Monday, March 5, 2012

The Real Problem with Microfoundations


Suppose you lived in a world in which there were two branches of economics, micro and macro.  Microeconomics in this world is rigorous, precise, honed over many decades of increasingly sophisticated analysis, and confirmed in almost every empirical test.  It is axiomatic, its propositions invested with mathematic certainty.  It has proved its worth in one application after another.  Macroeconomics, alas, is everything micro isn’t.  The axiomatic structure is missing; much theoretical work is essentially ad hoc.  Data are thinner and models are at risk of failing the first out-of-sample challenge.  Even outright embarrassment is a continuing problem: leading macroeconomists often make predictions that are not simply wrong, but profoundly, cosmically wrong.  It’s a crap shoot.

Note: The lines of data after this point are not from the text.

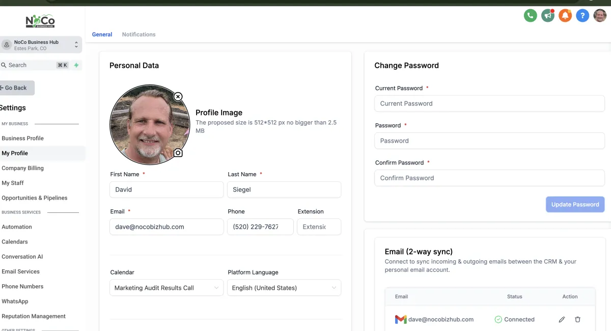 Calendar settings - same as email. If you will use the system to enable online bookings, this will sync your availability with the calendars you link it to
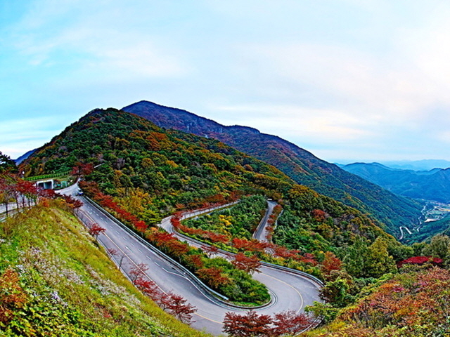 회남재 숲길(하동) = 악양골 최참판댁~청학선사~청학동 삼성궁으로 이어지는 740고지의 회남재 숲길 10km 구간을 걷노라면 숲속의 맑은 공기와 자연숲 향기에 취하고, 가을이면 파란 하늘과 붉은 단풍에 취하게 된다.
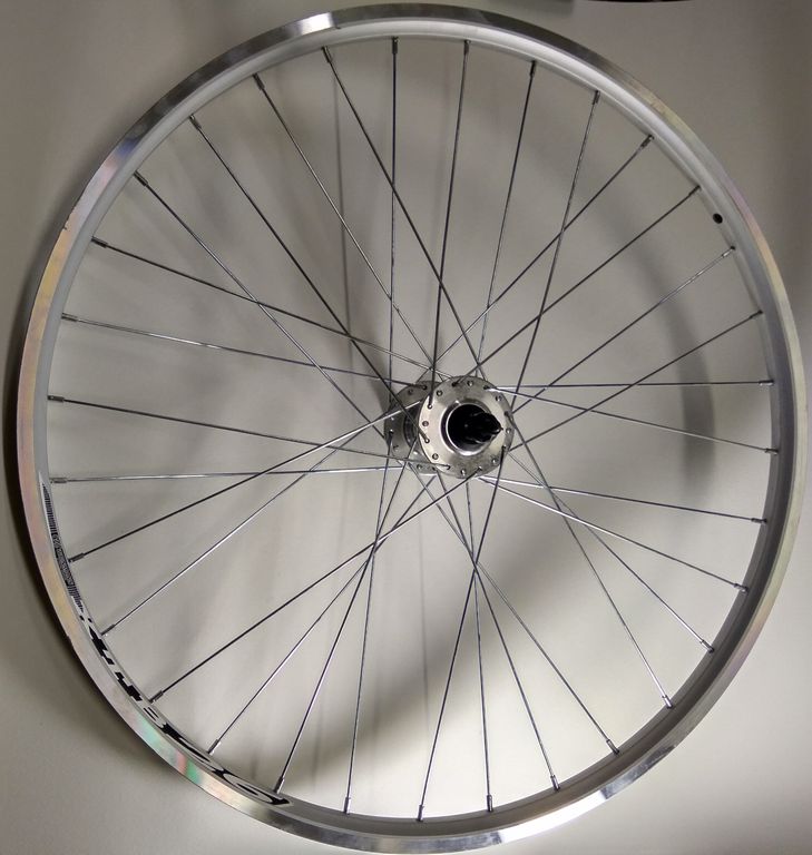 Колесо велосипедное переднее 26”, обод двойной Weinmann XTB-26, 559x20, ширина 24 мм, количество спиц - 32, втулка Xposure (Joytech, JY-D041DSE), эксцентрик, диск 6 болтов, цвет серебристый, арт. H000008386
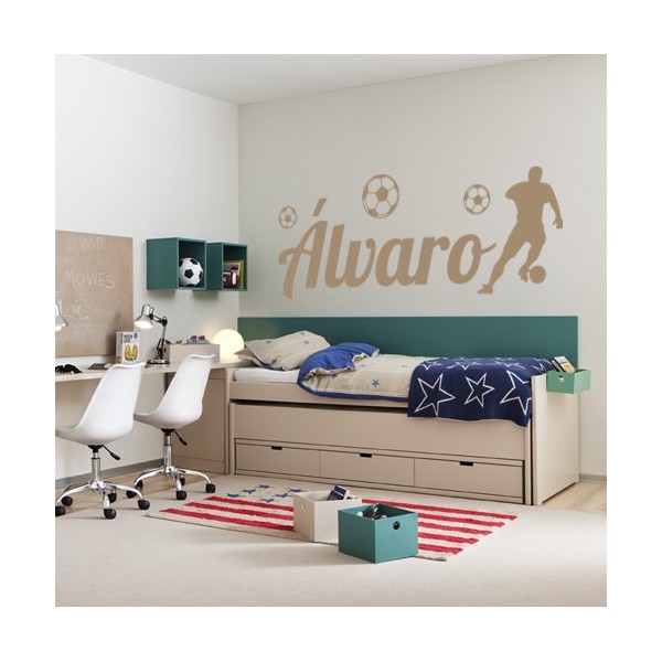 Los pegatinas o stickers decorativos para paredes infantiles con nombre Álvaro, la silueta de un futbolista y balones de fútbol son perfectos para decorar espacios con el nombre Rubén. Nos permiten personalizar la decoración y crear ambientes relacionados con el mundo de imaginación y fantasía de los niños.
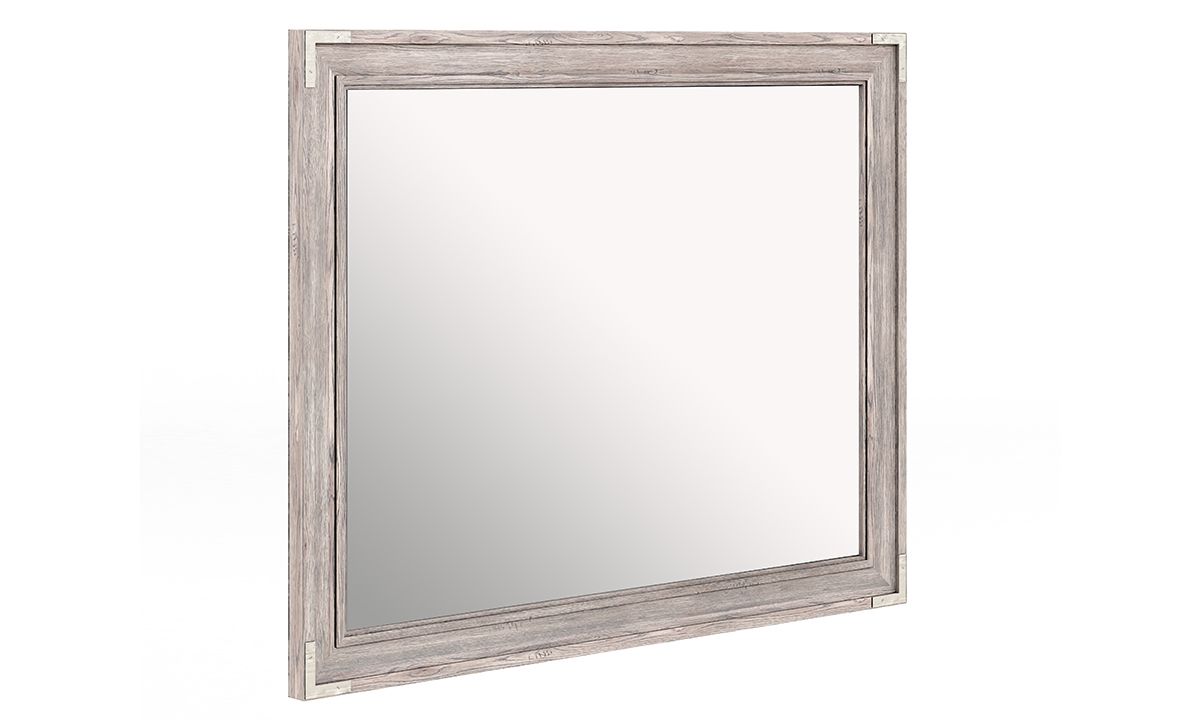 The Sojourn Natural Grey beveled glass mirror is featured in ash solids with knotty oak veneers and natural grey and hand painted lacquered finish with cast metal corner brackets.
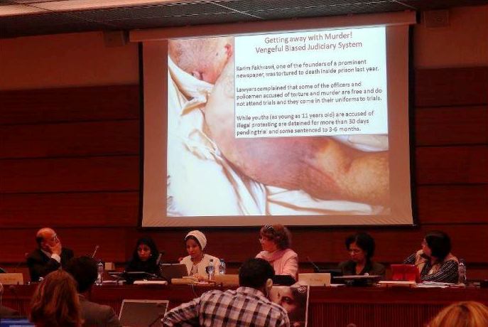 مرآة البحرين (جنيف): ألقت رئيسة منظمة "برافو" الطبيبة البحرينية "ندى ضيف" كلمة مثيرة في جلسة مجلس حقوق الإنسان في جنيف اليوم، محرجة وزير الخارجية البحريني حين رفعت يدها مشيرة إليه وهي تخاطبه بحدة.
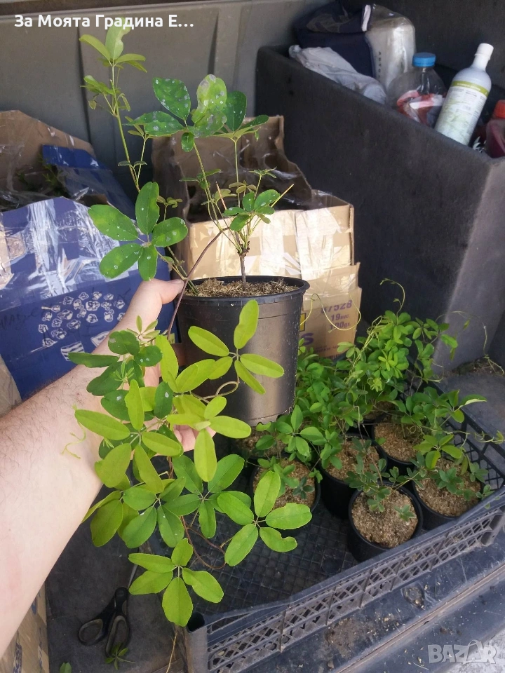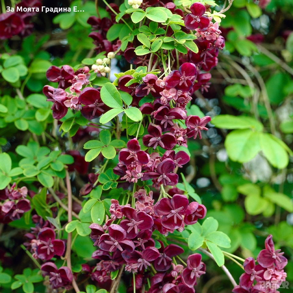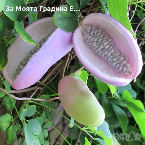 Акебия / Шоколадова лоза (Akebia quinata) – Екзотично ядливо растение 🌿 Цена: 1 бр – 12,50€ 🍇 За плододаване: нужни са минимум 2 растения Описание: Бързорастяща увивна дървесна лиана с ароматни шоколадово-лилави цветове (≈3 см), които през нощта се обогатяват с ванилов аромат. Плодовете са лилаво-виолетови, плоски и продълговати (5–10 см), с мека вътрешност и малки черни семки – сладки на вкус и подходящи за консумация или приготвяне на здравословни лекарства. Отглеждане: Вирее в сенчести и влажни места, предпочита леки песъчливи до кални почви. Може да расте както в киселинна, така и в алкална среда. Обича шарена сянка, но се адаптира и към по-топли условия. Издържа до -20°C и при мека зима е полу- или вечнозелена. Достига зрялост за около 5 години. Ползи и употреба: Плодовете са ядливи и се използват в медицината срещу ракови заболявания. Младите филизи – за салати и консерви. Листата могат да заместят чая. Вътрешността на стеблата – за лечение на пикочния тракт. Коренът е антипиретик – може да се използва за понижаване на температурата. 🌱 Идеално екзотично растение за градина или балкон, което ще впечатли с красотата и ароматa си! Растенията са в контейнери, което позволява засаждането им да се извършва почти целогодишно. Много от растенията променят вида си през периодите на своята вегетация, но тук в сайта със снимки се представят в най-атрактивния им вид. Повечето снимки в сайта ни покзват как ще изглеждат растенията след определен период и положени необходимите грижи.
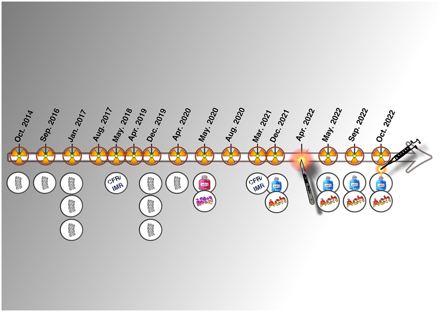 Graphical timeline of the invasive history of the patient.
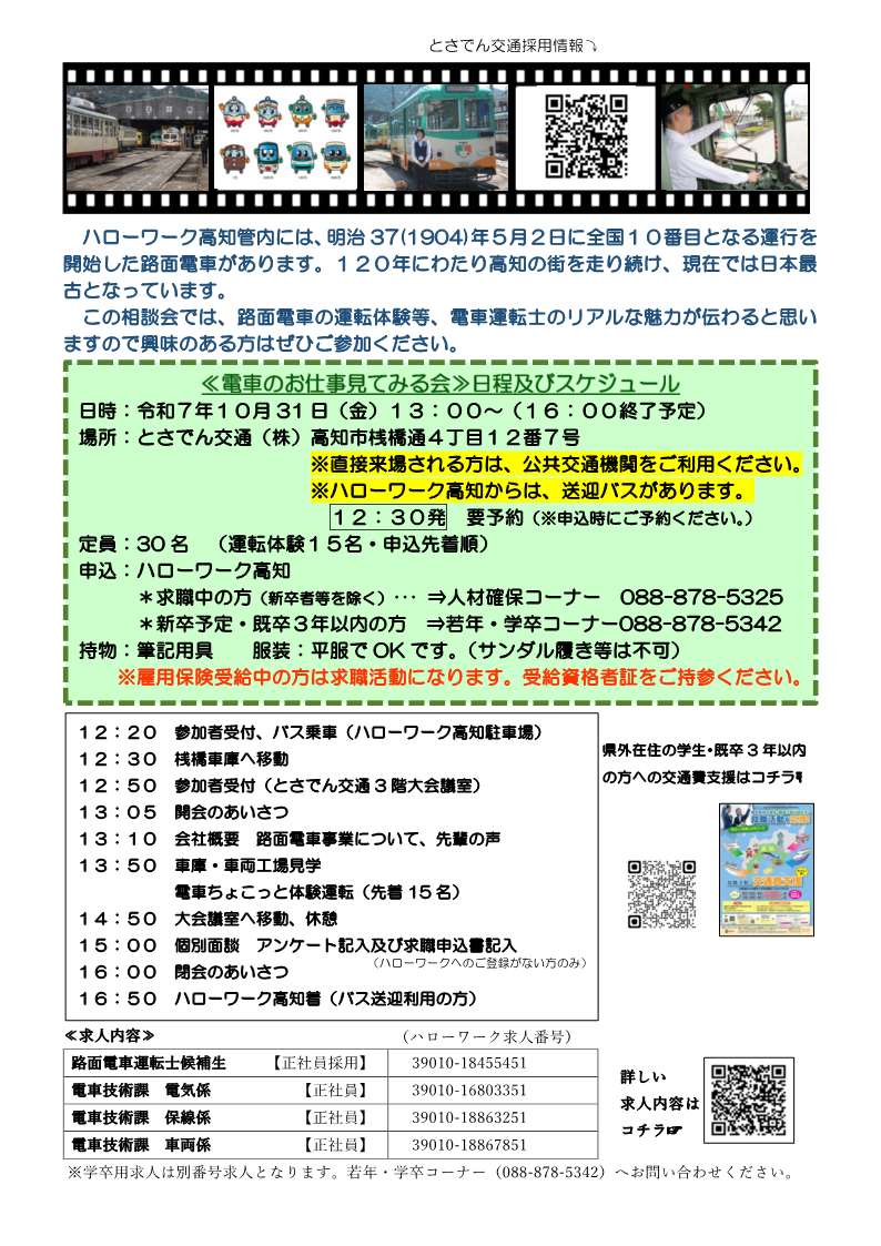 ※ハローワーク高知(無料駐車場あり)からは送迎バスがあります。
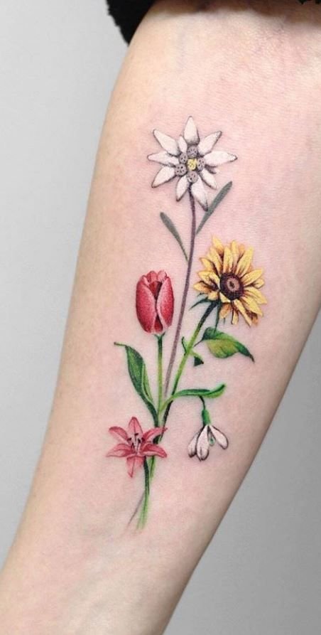 The alternative is a bouquet of flowers or a field of growing sunflowers. Other flora - roses and daisies, dandelions and irises - are combined with the sunflower. Depending on the choice of the adjacent plant, the values vary. The tattoo of sunflower with a rose symbolizes tenderness and nobility, with chamomile - openness and fidelity to family values, with dandelion - lightness and fleeting life, tenacity and fulfilment of dreams. If irises are present in design, tattoo means sincerity and spirituality.

If this were your world, wouldn’t you want to base your macro on micro to the fullest possible extent?  Bend and squeeze the good, rigorous stuff as far as you can, so you could minimize the use of the dubious macro ad hocery?

I think something like this is in the back of the minds of most macroeconomists.  Optimization models, general equilibrium----these are things we know to be right and true, so the more we can use them to generate macro models, the more solid our ground.  Arguments with more apparent technical content that are sometimes trotted out don’t really change the situation.  Take the Lucas Critique: we need to take into account how people’s behavioral patterns will change in response to changes in policy.  This is certainly true, but it is another matter entirely to put your faith in models of optimizing individuals (or clone armies) as the vehicle for understanding behavioral shifts.  Whatever the purpose, If I believed in micro they way most economists do, I would be for microfoundations too.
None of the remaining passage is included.